Commenta in proposito l’assessore all’ambiente Chiara Borghi: “Dai dati emersi finora si evince che la situazione dell’aria a Castelnovo non presenta alcun problema. Il documento è molto dettagliato e preciso, e lo abbiamo anche messo a disposizione nella sezione ambiente del sito comunale (www.comune.castelnovo-nemonti.re.it)".

La relazione è stata redatta dal dottor Luca Torreggiani, referente Arpa per il monitoraggio della qualità dell’aria: “Il 5 giugno scorso – dice Torreggiani - è iniziata presso il vostro comune una rilevazione della qualità dell’aria attraverso l’utilizzo del laboratorio mobile, ubicato in via Sozzi presso la sede scolastica: la campagna terminerà all’inizio di settembre. Ad essa seguirà una seconda campagna di monitoraggio nel periodo autunnale".

"Innanzitutto è necessario premettere - prosegue - che le differenze di qualità dell’aria fra montagna e pianura le si osserva nel periodo invernale, mentre nel periodo estivo non vi sono solitamente differenze significative fra le due quote. Infatti nel periodo invernale, quando la quota media dell’altezza di rimescolamento si abbassa notevolmente, in pianura si generano condizioni di accumulo degli inquinanti e incremento della formazione di particolato di origine secondaria; diversamente in quota, la qualità dell’aria rimane buona o comunque con valori di concentrazione di gran lunga inferiori".

"Premesso ciò sono a riportare qualche dato rilevato relativo alla campagna in corso. Per quel che riguarda le PM10 non si è verificato nessun superamento del valore limite giornaliero e la media sull’intero periodo è di 16 μg/m3; l’andamento è sincrono con le concentrazioni rilevate in pianura. Per quel che riguarda il biossido di azoto si rilevano concentrazioni massime orarie sempre inferiori ai 40 μg/m3, tranne in due sole giornate ove si sono raggiunti i 60 μg/m3, rispetto ad un valore limite che è di 200 μg/m3. La concentrazione media giornaliera è sempre inferiore ai 20 μg/m3".

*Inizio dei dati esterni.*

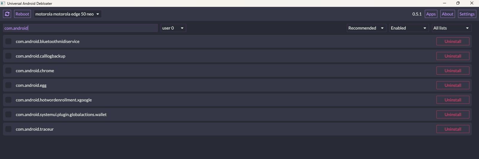uninstall via ADB bringt einen internen Fehler, gefundene APKs kann ich leider nicht installieren.
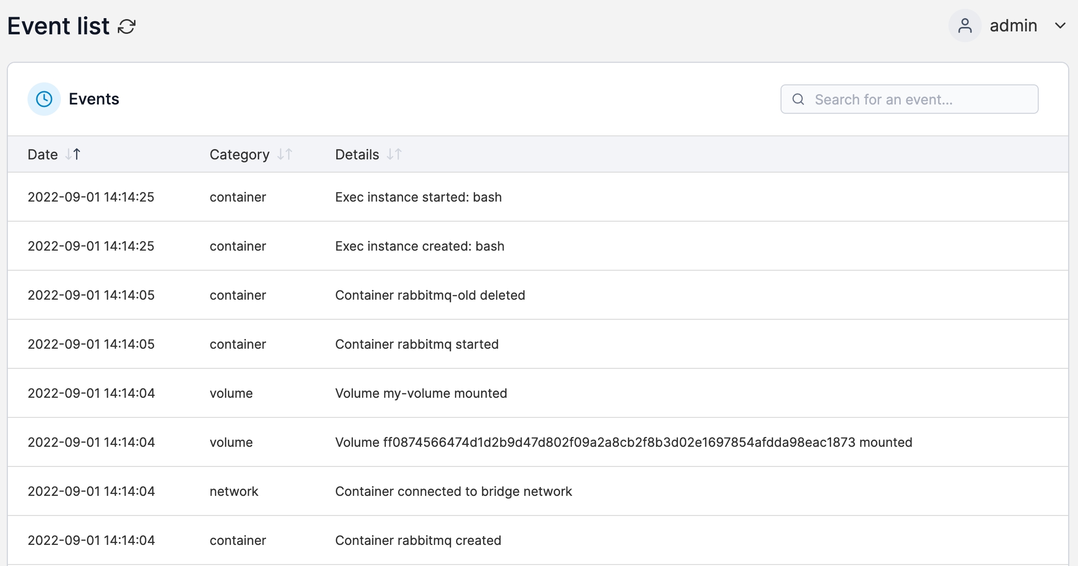 The Events section in Portainer lists container events that have occurred. You can filter the list using search, and you can also view more information about each container.
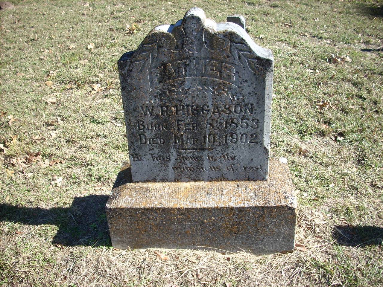 | Higgason | W.R. | 2/8/1853 | 3/10/1902 | Photo | He has gone to the mansion of rest | |
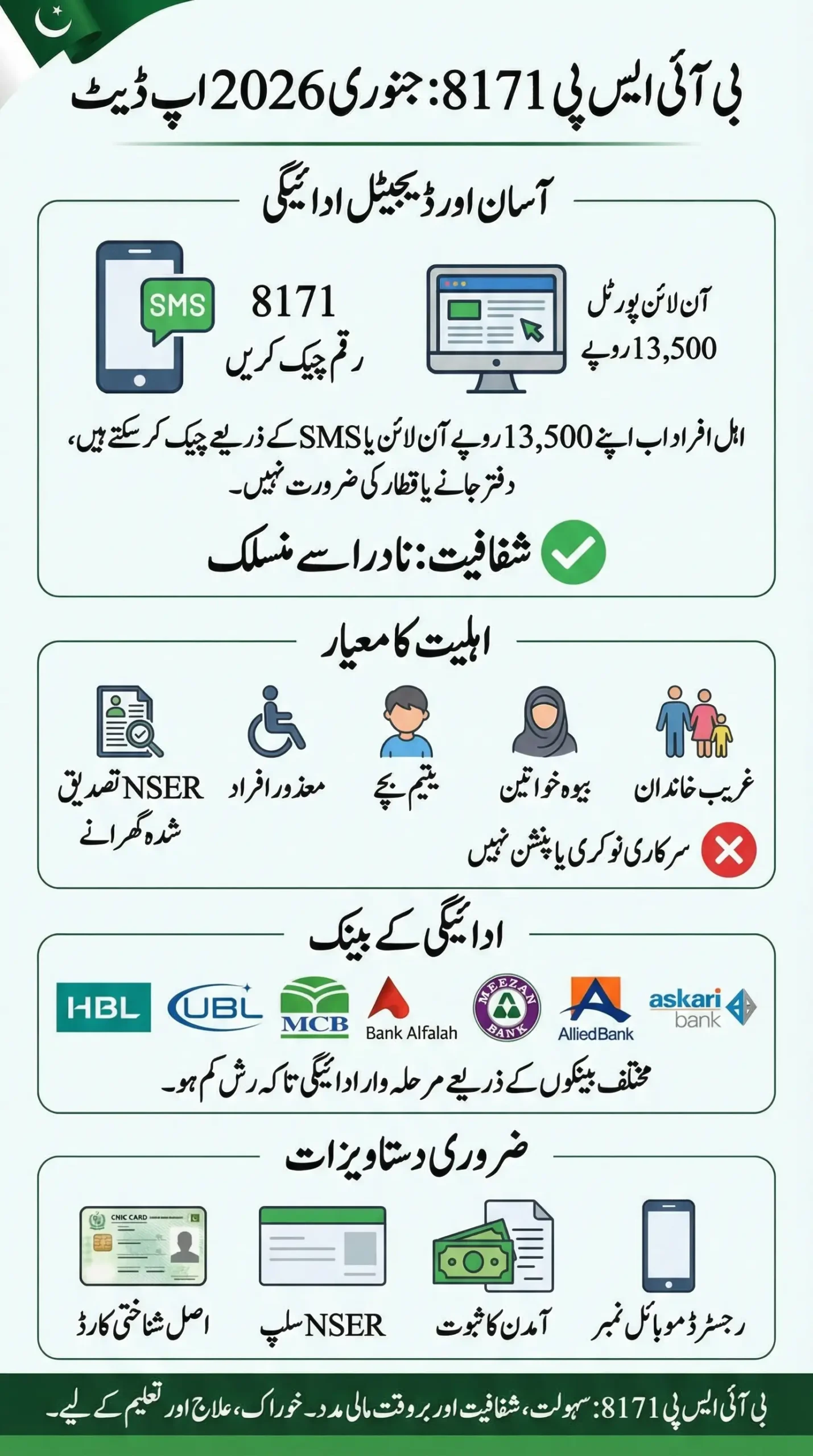 BISP 8171 January 2026 provides a transparent, digital and efficient system for low-income families to receive timely financial assistance. With online and SMS verification, scheduled bank payments, and simple documentation requirements, eligible households can access their Rs. 13,500 installments immediately, supporting essential needs such as food, healthcare, and education.
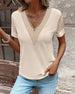 Top Mode einfarbig Häkelspitze Ärmel Patchwork

"Relativamente agli inquinanti da traffico si può affermare che le concentrazioni di monossido di carbonio sono sempre, sia nei valori medi che in quelli massimi, inferiori al limite di quantificazione strumentale e oscillano fra i 0,1 e 0,4 mg/m3. Discorso analogo per il biossido di zolfo. Le concentrazioni di benzene invece mostrano valori più simili, seppur inferiori, a quelli della città, evidenziando dunque la presenza di traffico lungo le arterie principali".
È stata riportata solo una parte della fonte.